((

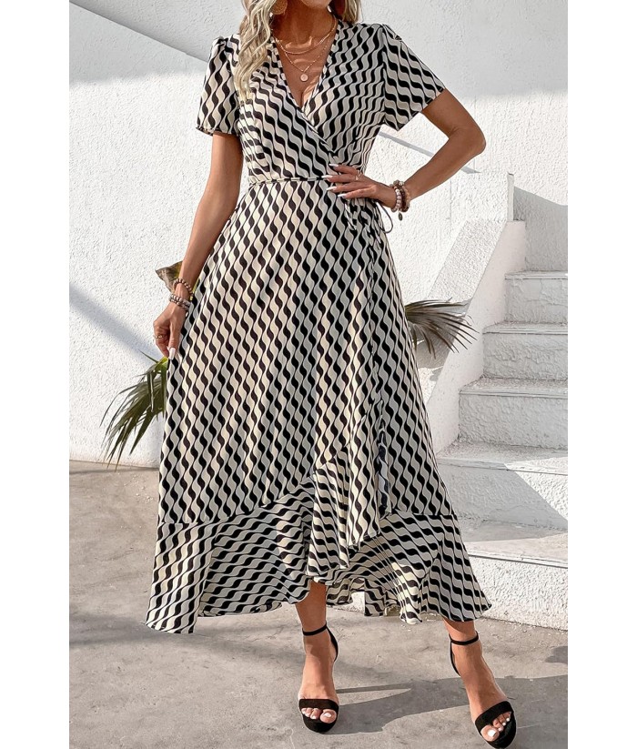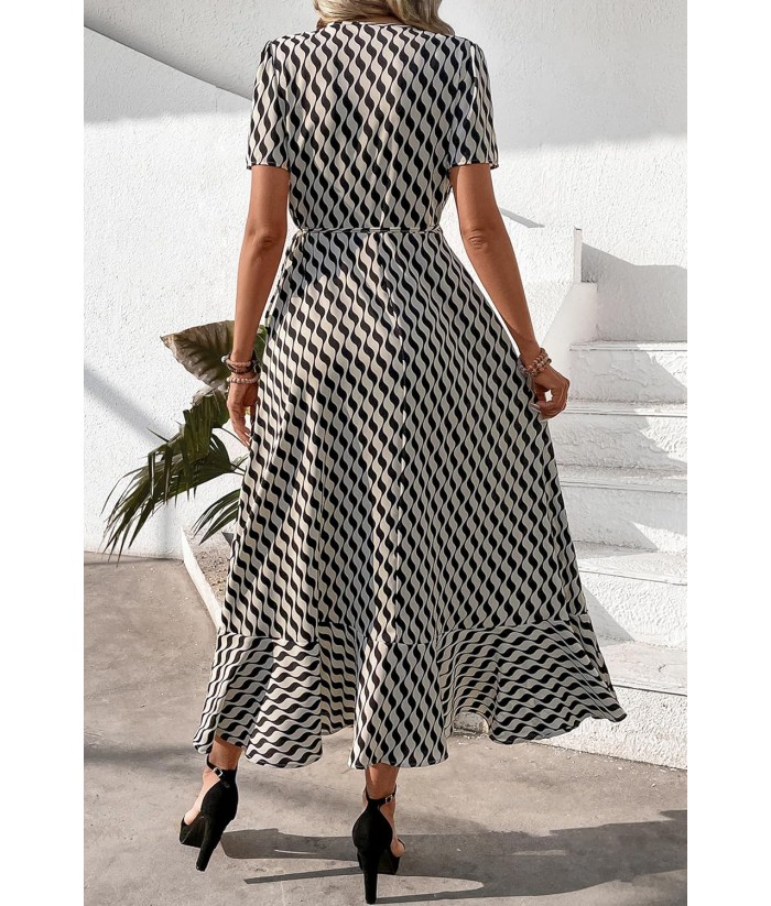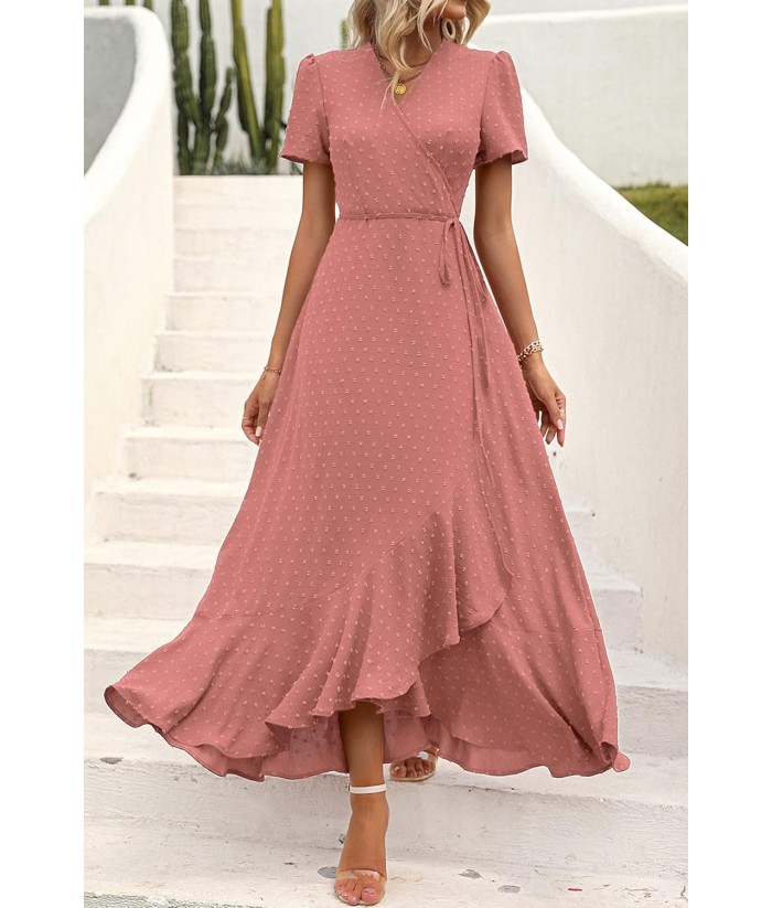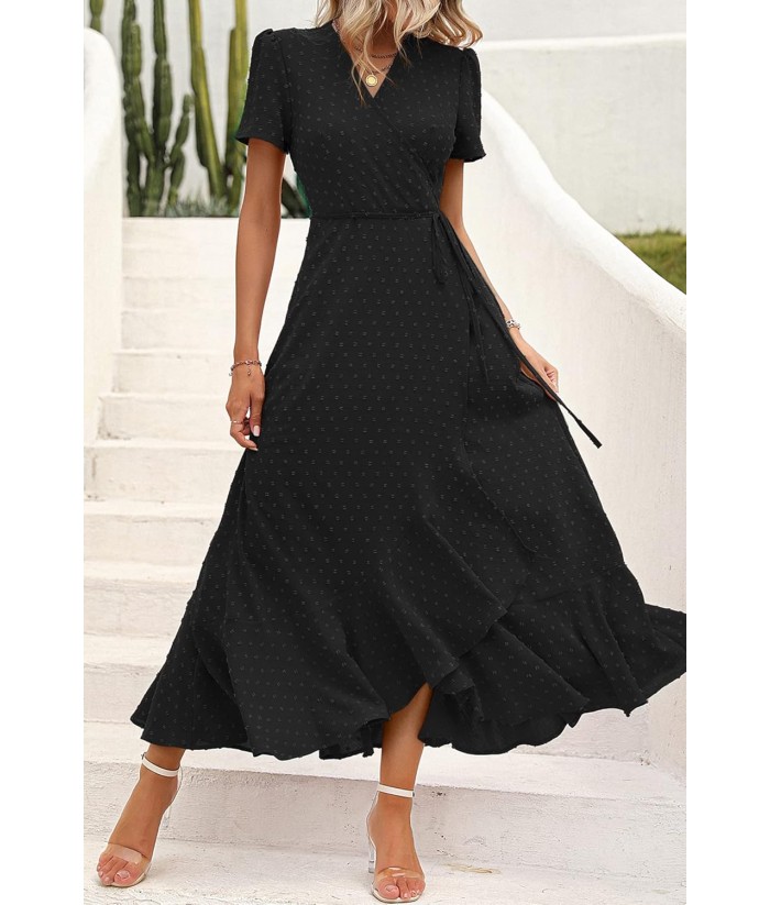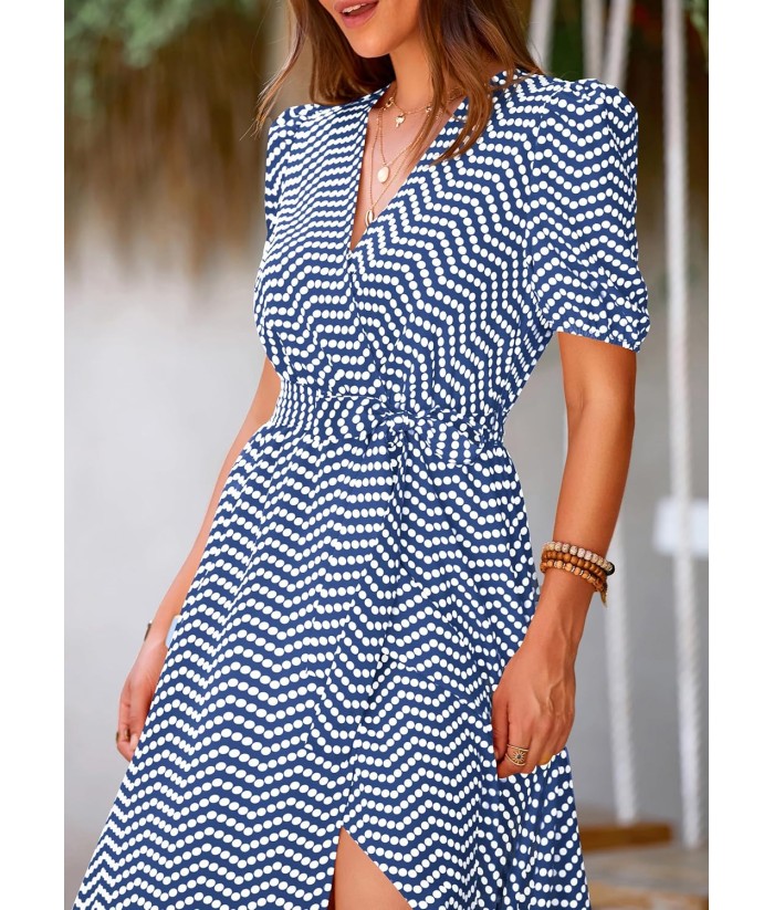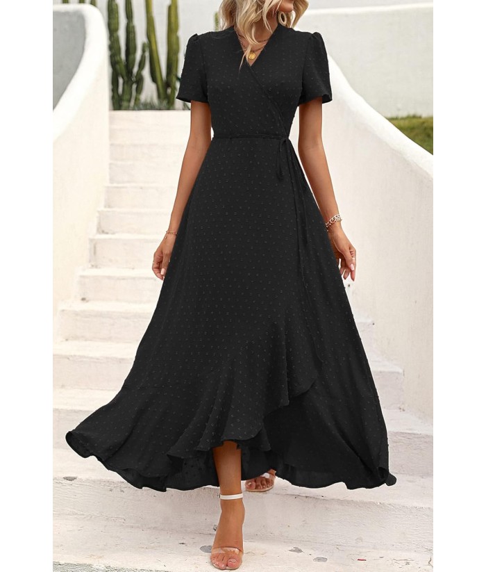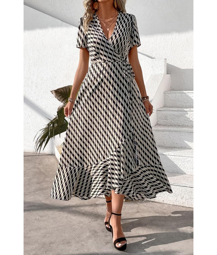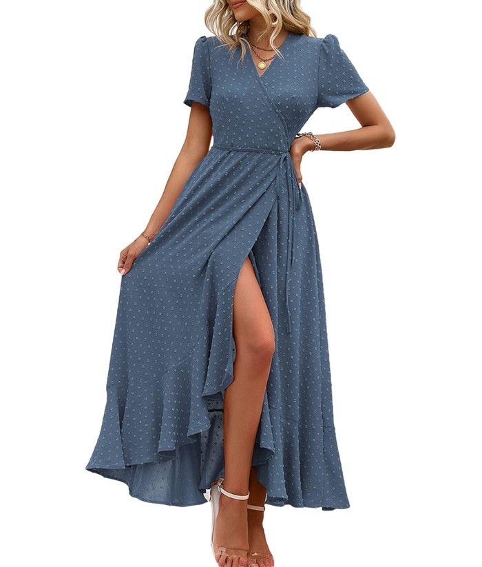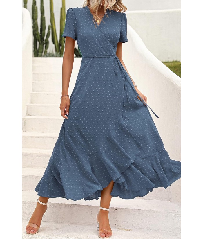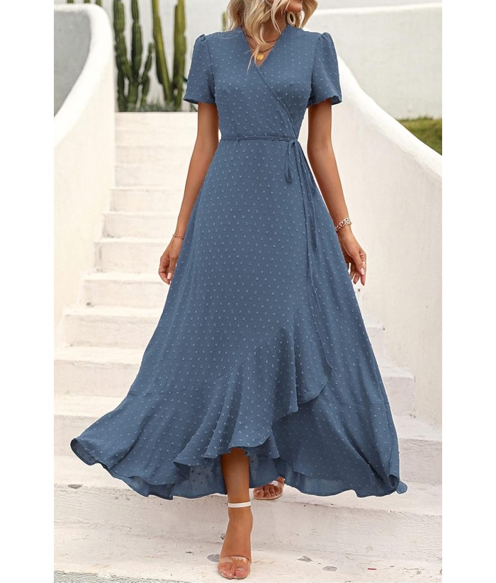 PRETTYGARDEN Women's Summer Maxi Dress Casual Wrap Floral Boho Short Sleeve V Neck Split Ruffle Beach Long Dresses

))
((

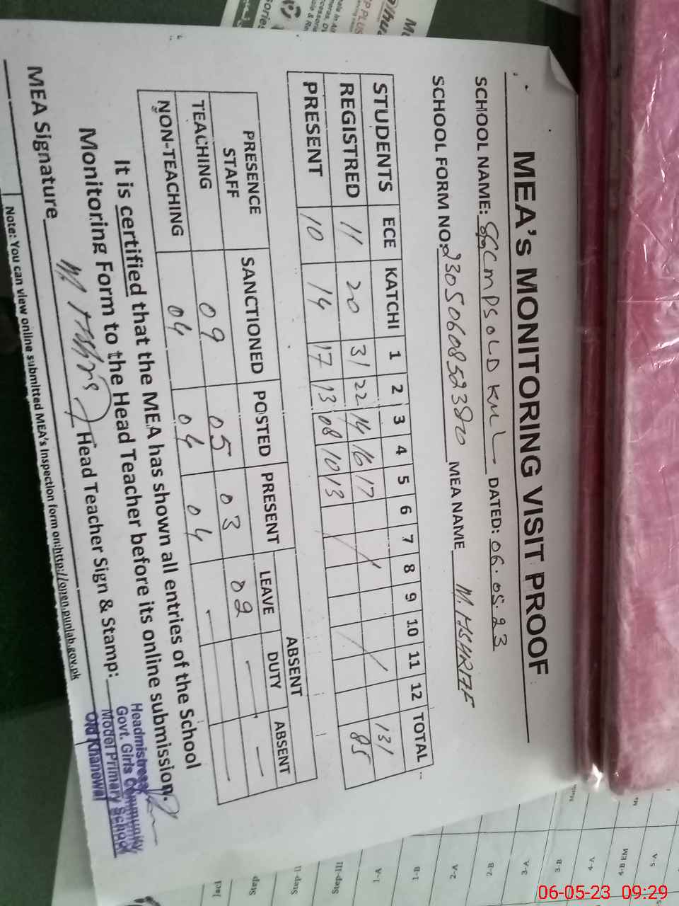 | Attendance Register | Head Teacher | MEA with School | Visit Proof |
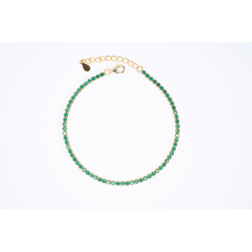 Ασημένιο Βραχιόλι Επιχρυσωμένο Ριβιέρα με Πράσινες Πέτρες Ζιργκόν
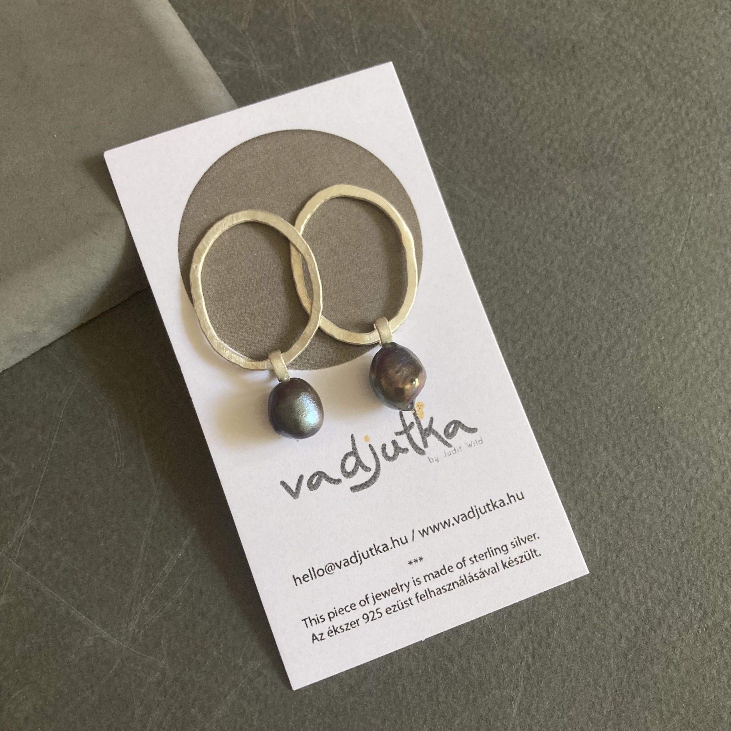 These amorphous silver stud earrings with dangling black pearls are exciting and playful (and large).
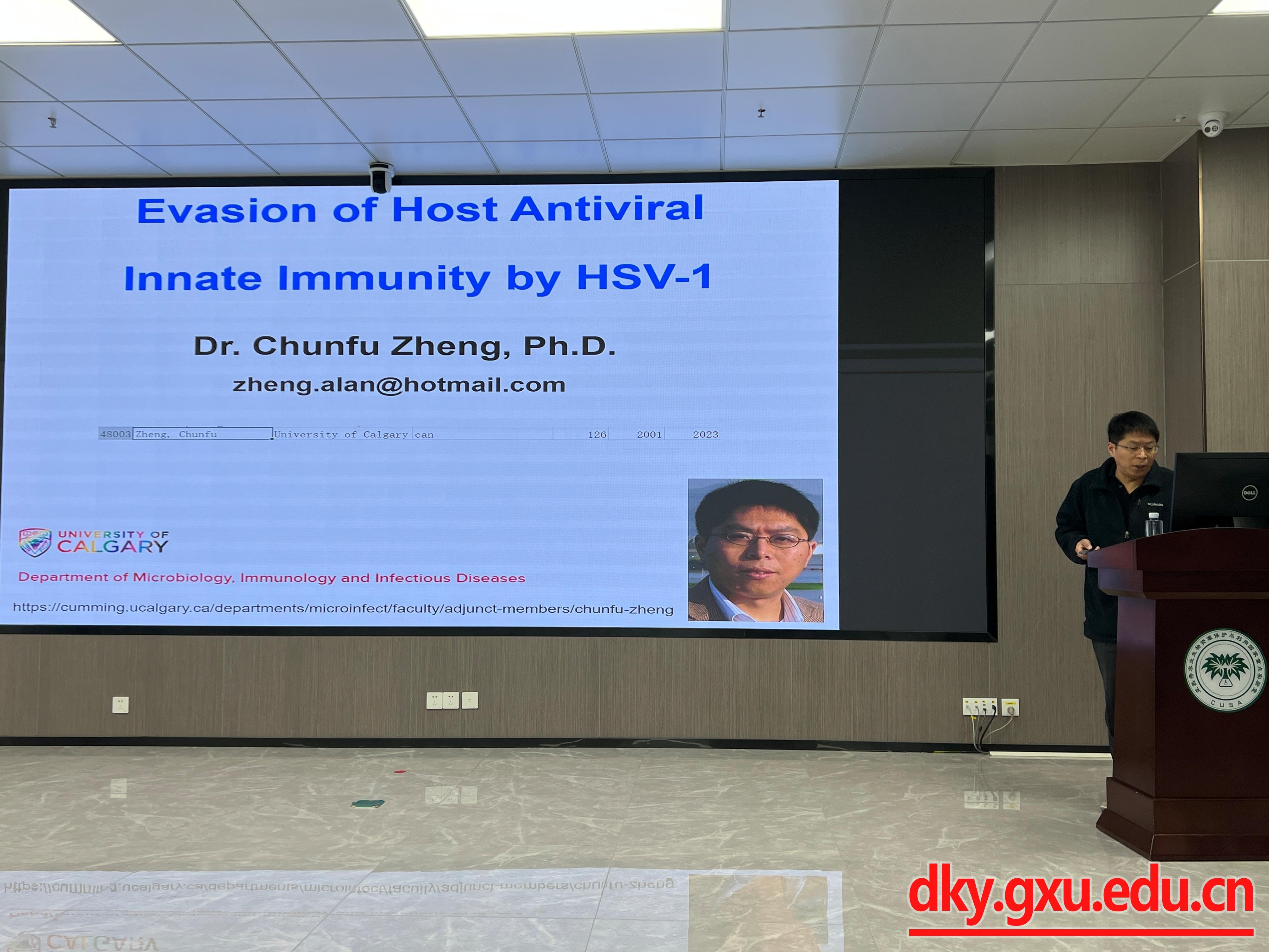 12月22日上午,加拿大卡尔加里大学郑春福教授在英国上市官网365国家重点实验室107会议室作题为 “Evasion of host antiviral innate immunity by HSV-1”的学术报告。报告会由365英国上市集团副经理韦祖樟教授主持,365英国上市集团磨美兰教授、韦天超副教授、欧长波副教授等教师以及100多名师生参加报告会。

))

#### PROBLEM
Starting at the line above with "These amorphous silver", output every line exactly up to and including the line with "of host antiviral", but none of the pictures.

#### YOUR SOLUTION
 These amorphous silver stud earrings with dangling black pearls are exciting and playful (and large).
 12月22日上午,加拿大卡尔加里大学郑春福教授在英国上市官网365国家重点实验室107会议室作题为 “Evasion of host antiviral innate immunity by HSV-1”的学术报告。报告会由365英国上市集团副经理韦祖樟教授主持,365英国上市集团磨美兰教授、韦天超副教授、欧长波副教授等教师以及100多名师生参加报告会。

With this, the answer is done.